The purpose of this study is to test the applicability of the MARSplines approach for determining Hansen solubility parameters and to verify the usefulness of the obtained models by solubility predictions. Hence, an in-depth exploration was performed, including resizing of the models combined with a normalization and orthogonalization of both factors and descriptors. Also, a comparison with the traditional multivariable regression QSPR approach was undertaken. Finally, the obtained models were used for solving typical tasks for which Hansen solubility parameters can be applied, in order to document their reliability and applicability.

#### 2. Methods

##### 2.1. Data Set and Descriptors

In this paper, the data set of experimental HSP collected by Járvás et al. [45] was used for QSPR models generation. This diverse collection comprises a wide range of nonpolar, polar, and ionic compounds including hydrocarbons (e.g., hexane, benzene, toluene, and styrene), alcohols (e.g., methanol, 2-methyl-2-propanol, glycerol, sorbitol, and benzylalcohol), aldehydes and ketones (e.g., benzaldehyde, butanone, methylisoamylketone, and diisobutylketone), carboxylic acids (e.g., acetic acid, acrylic acid, benzoic acid, and citric acid), esters (isoamyl acetate, propylene carbonate, and butyl lactate), amides (*N*,*N*-dimethylformamide, formamide, and niacinamide), halogenated hydrocarbons (e.g., dichloromethane, 1-chlorobutane, chlorobenzene, 1-bromonaphthalene), ionic liquids, and salts (e.g., [bmim]PF6, [bmim]Cl, sodium salts of benzoic acid, *p*-aminobenzoic acid, and diclofenac). These data were obtained from the original HSP database [39, 66] and several other reports [67, 68]. After removing the repeating cases from the original collection, a set of 130 compounds, for which experimental data of HSP are available, was used.

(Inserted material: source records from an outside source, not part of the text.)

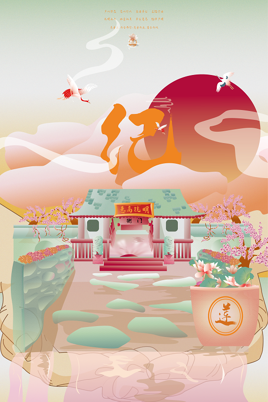作品介绍:围绕校园清廉文化的主题,其中标志性元素莲花,代表高洁正直;孔子像与衢州与“南孔圣地·衢州有礼”的城市品牌相呼应;古代衙门,代表着廉洁奉公、遵纪守法。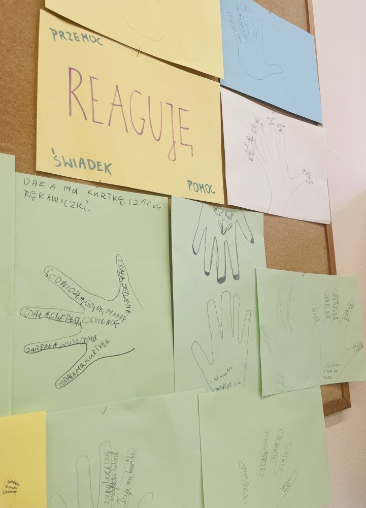 Uczniowie klas pierwszych utrwalali hasło „STOP, PRZESTAŃ!”, ucząc się reagowania w sytuacjach, które sprawiają im przykrość. Poznawali sposoby radzenia sobie z dokuczaniem oraz zasady aktywnego słuchania. Wspólnie z bohaterami – Małpką i Tygryskiem – odgrywali scenki, ćwicząc umiejętność słuchania i reagowania. W ramach Tygodnia Życzliwości odbyły się działania wychowawcze: Krzesło komplementów oraz Poczta życzliwości, podczas których uczniowie pisali sobie miłe słowa.
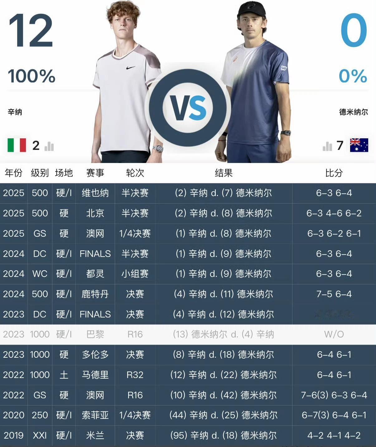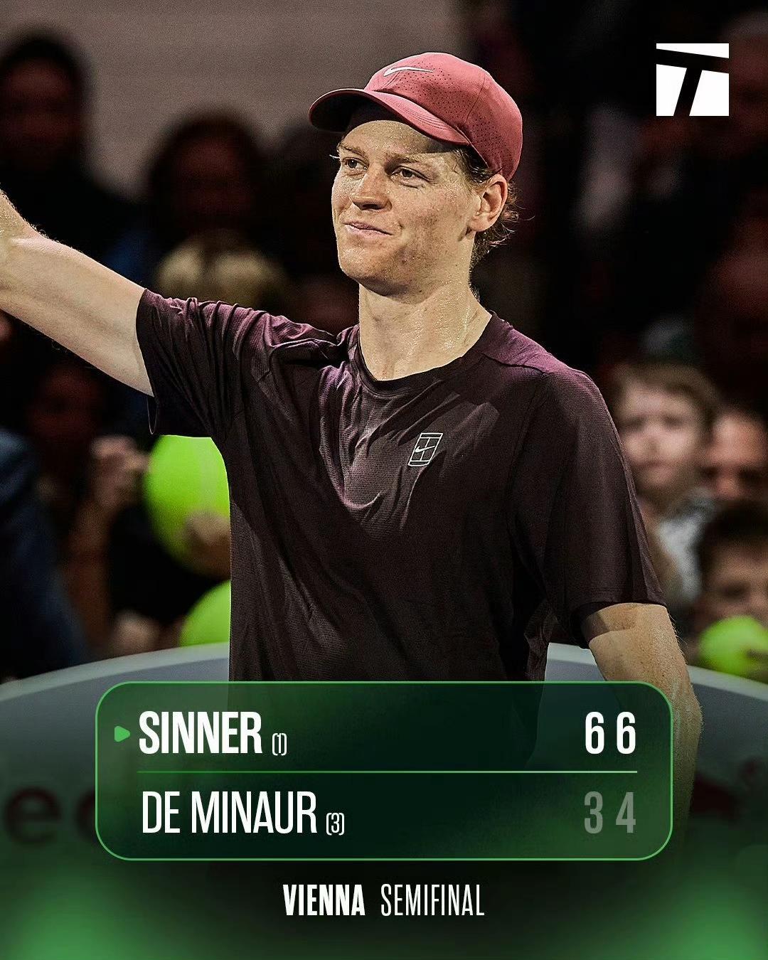 加强升级版药加辛!ATP500维也纳站,继打趴科博利、布勃利克之后,辛纳又6-3/6-4打趴德米纳尔。 辛纳达成室内硬地20连胜。 对阵德米纳尔12连胜。 2025赛季第8次闯入决赛。
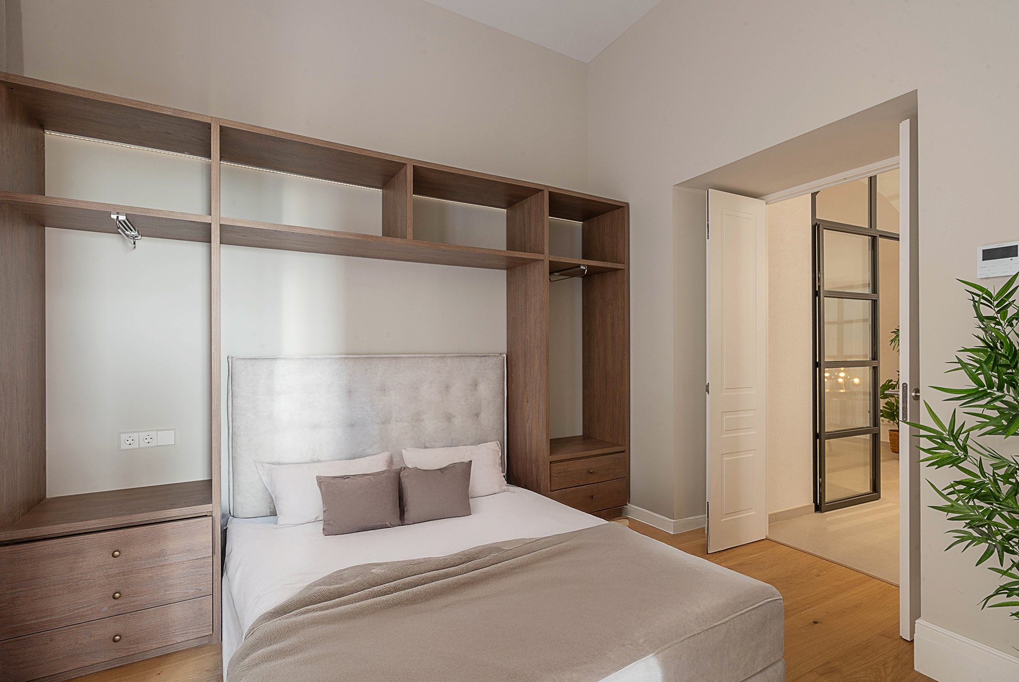 Behind the grand wooden doors of a palatial building awaits an extraordinary duplex with a private rooftop terrace. Recently fully renovated, the residence combines timeless elegance with modern comfort and a cohesive design where exclusive materials and harmonious tones meet. The 4.5-meter-high ceilings, abundant natural light, and custom-built details create a sense of spaciousness and refined elegance.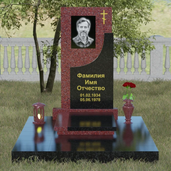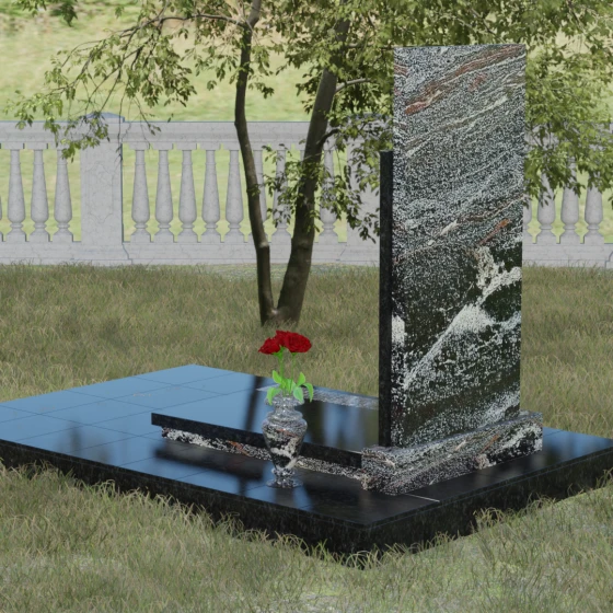 Модель Артикул 024 представляет собой законченное архитектурное решение. Стела установлена на массивный гранитный цоколь, который служит надежным фундаментом и придает всей конструкции необходимую устойчивость. Важной особенностью данного проекта является полное мощение участка: вместо открытого грунта используется сплошная надгробная плита. Это не только создает эстетически безупречный, аккуратный вид, но и значительно упрощает уход за местом захоронения, избавляя от необходимости борьбы с сорняками. В едином стиле с основным монументом выполнены дополнительные элементы декора: изящная каменная ваза, установленная на плите, позволяет приносить живые цветы, сохраняя гармонию композиции. Каменный бордюр по периметру участка четко очерчивает границы мемориала, превращая его в уединенное место для тихой молитвы и воспоминаний.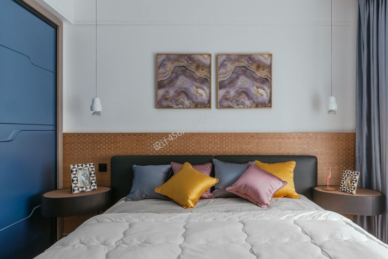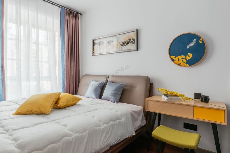 北欧风格75平米两室两厅卧室窗帘装修效果图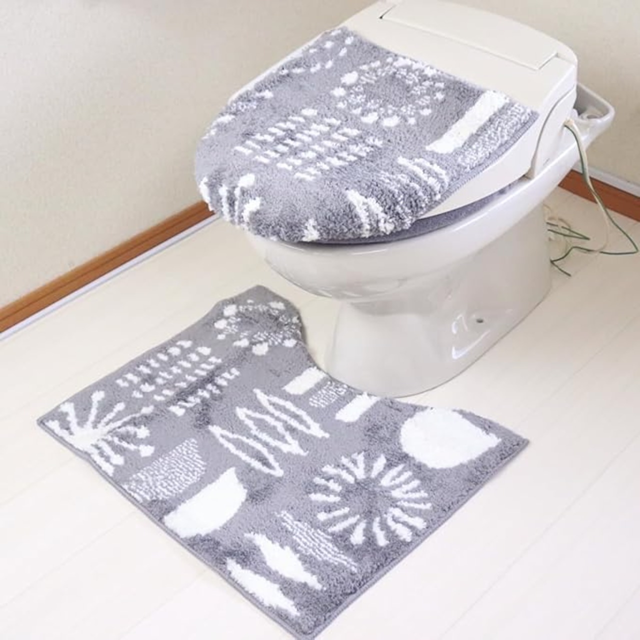 トイレマット、吸着型フタカバー、スリッパ、ペーパーホルダーカバーの4点セットです。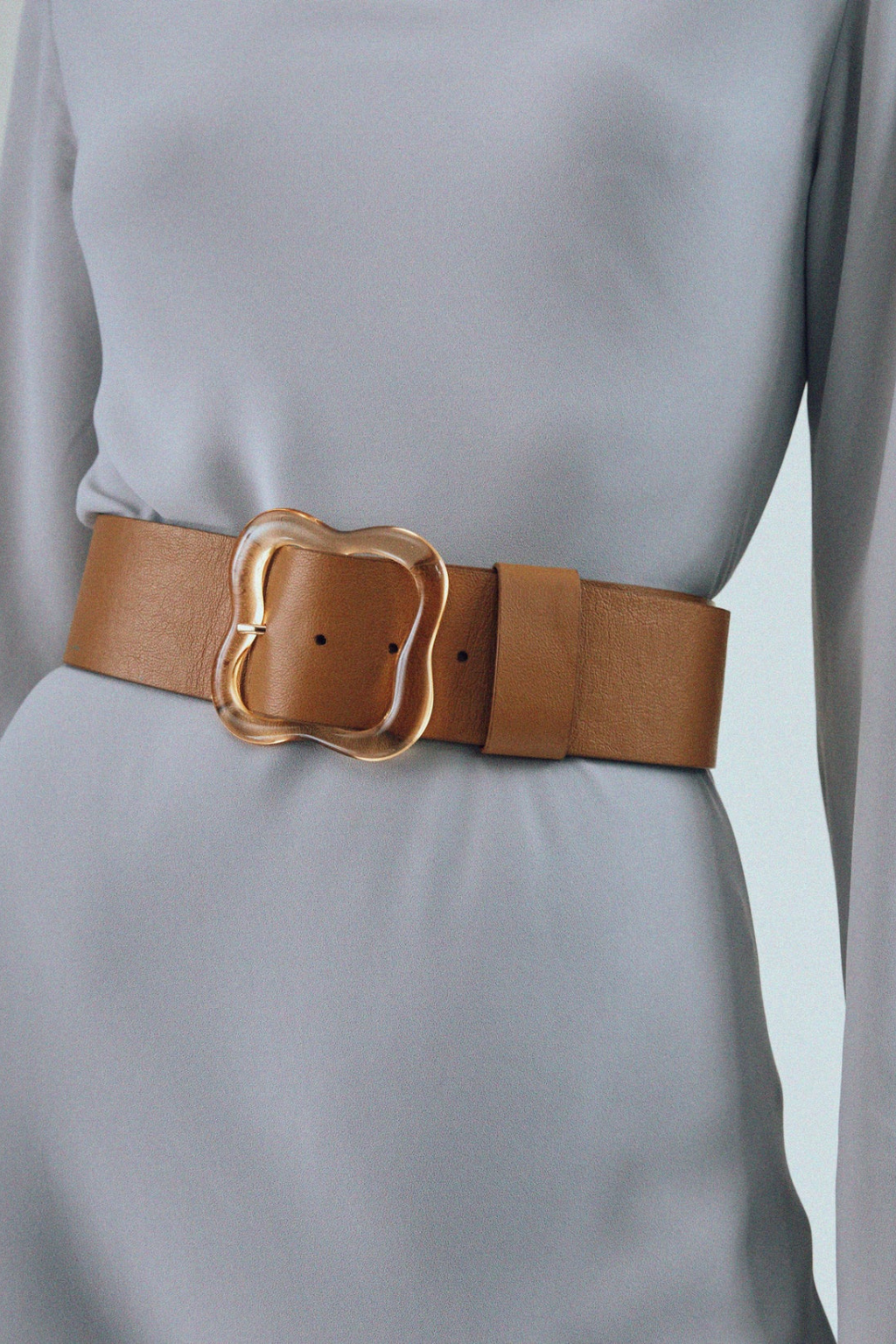 Cinch a trench, pencil skirt, or high-waisted pants with the sleekly chic Florence Belt, in signature amber leather with a clover-inspired buckle in honey-colored resin.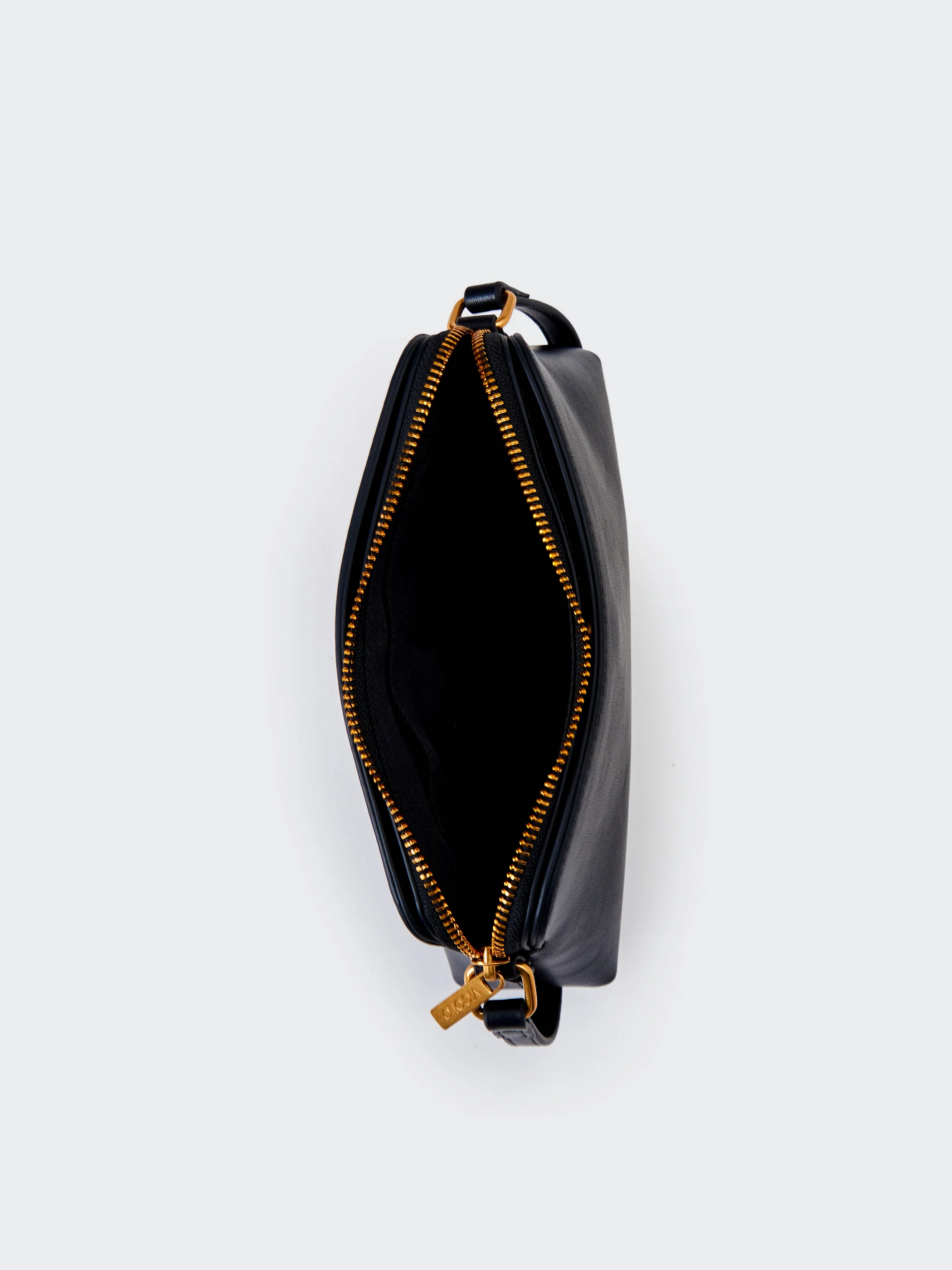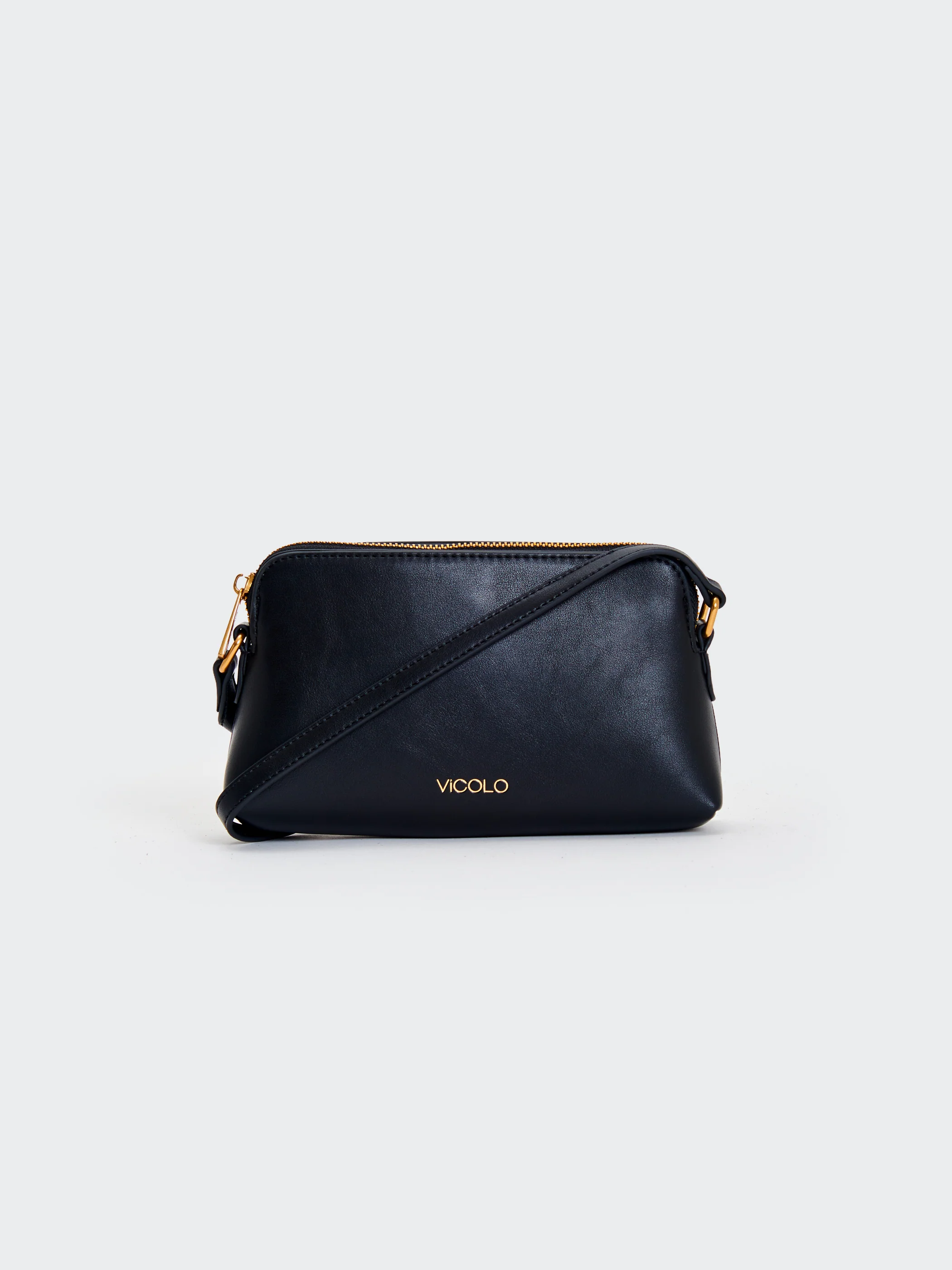 Borsa Essential a tracolla in ecopelle. Chiusura con cerniera. Dettaglio logo Vicolo impresso. Dettaglio finiture lucide color oro. Tasca interna con cerniera e taschina piatta.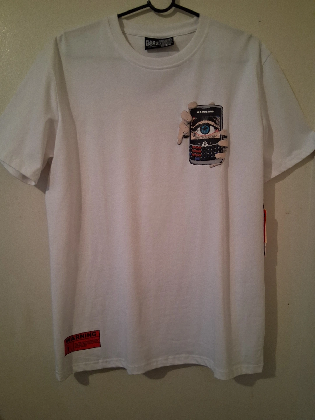 Selling a Rad Boyz Official graphic tee in size medium. The shirt is white with a unique graphic design on the front and back. The design features a Blackberry-style phone with an eye and the words "Available 24/7" and "Rad Boyz Official".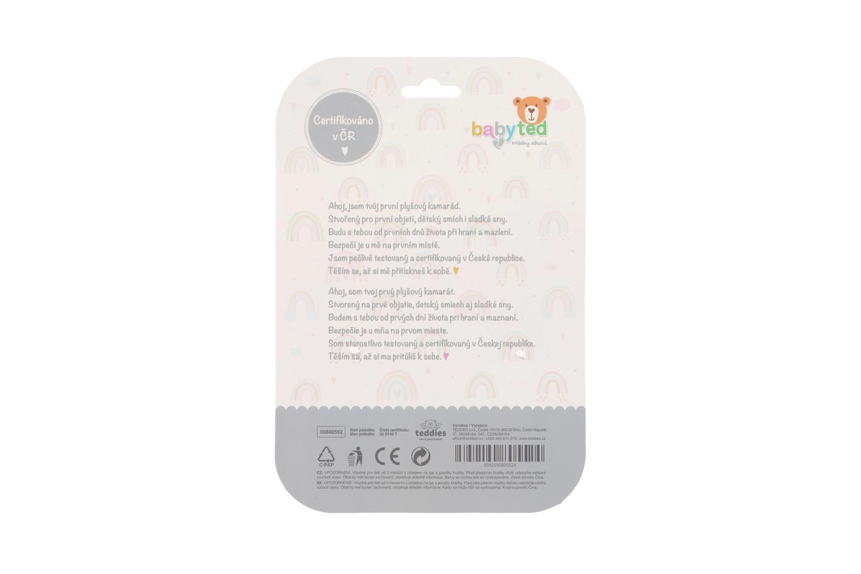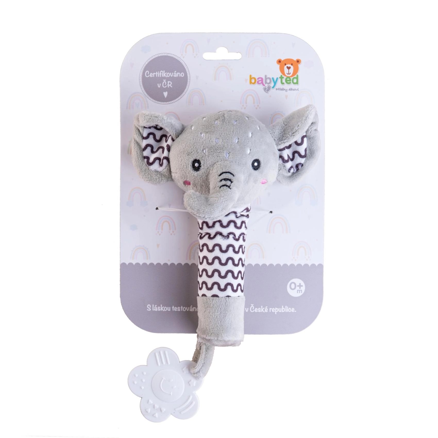 Den søde plyselefant med pivelyd og bidering fra BABYTED glæder spædbørn lige fra fødslen. Den har et blødt krop for nemt greb, piver blidt ved tryk, og for enden af håndtaget sidder en blød bidering formet som en blomst til lindring af følsomme gummer. Kontrastmønstre understøtter den visuelle perception, og sikker, blød plys er skånsom mod de mindste. Certificeret i CZ efter strenge sikkerhedsstandarder.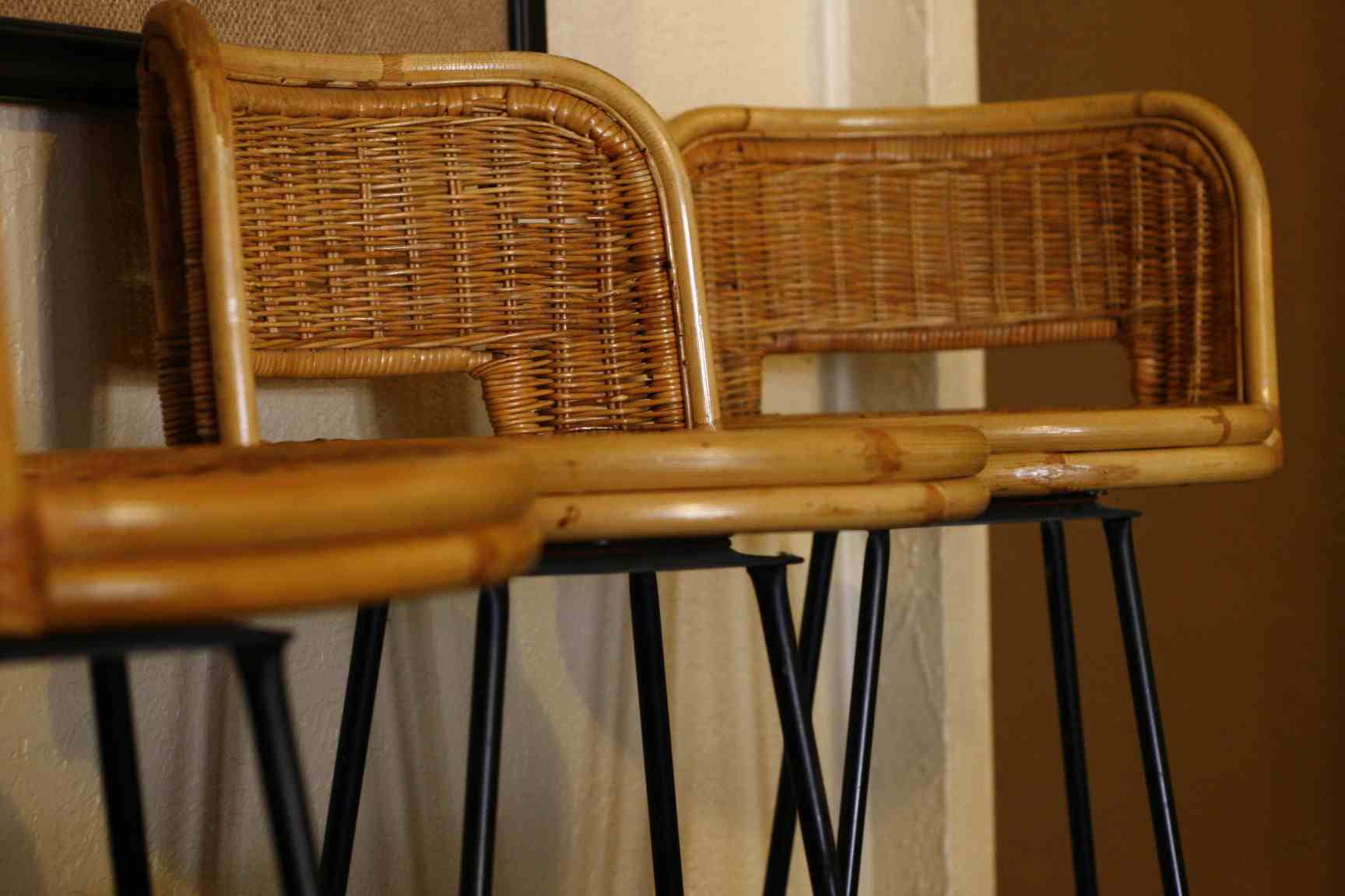 Sit. Spin. And take a drink in these three bamboo mid-century bar stools. These darlings would look lovely around a tall kitchen table or buddied up to a swank 50s-style bar. Either way, you’ll be sitting in style.

Using information encoded in canonical SMILES, PaDEL software [69] offers 1444 descriptors of both 1D and 2D types. Not all of them can be used in modeling, and those descriptors which are not computable for all compounds or with zero variance were rejected from further analysis. The remaining 886 parameters were used for models definition.

##### 2.2. Computational Protocol

Model building was conducted using absolute values of descriptors or orthogonalized data. Since there are different criteria for selecting independent variables from the pool of mutually related ones, two specific criteria were applied. The first one relied on the direct correlation with modeled HSP data if *R*^{2} > 0.01. The second one used ranking offered by Statistica [70], tailored for regression analysis. These parameters were considered as nonorthogonal ones for which the Spearman correlation coefficient was higher than 0.7 (*R*^{2} > 0.49). These different methods of orthogonalization led to different sets of descriptors used during application of QSPR or MARSplines approaches. Types of performed computations are summarized on Scheme 1.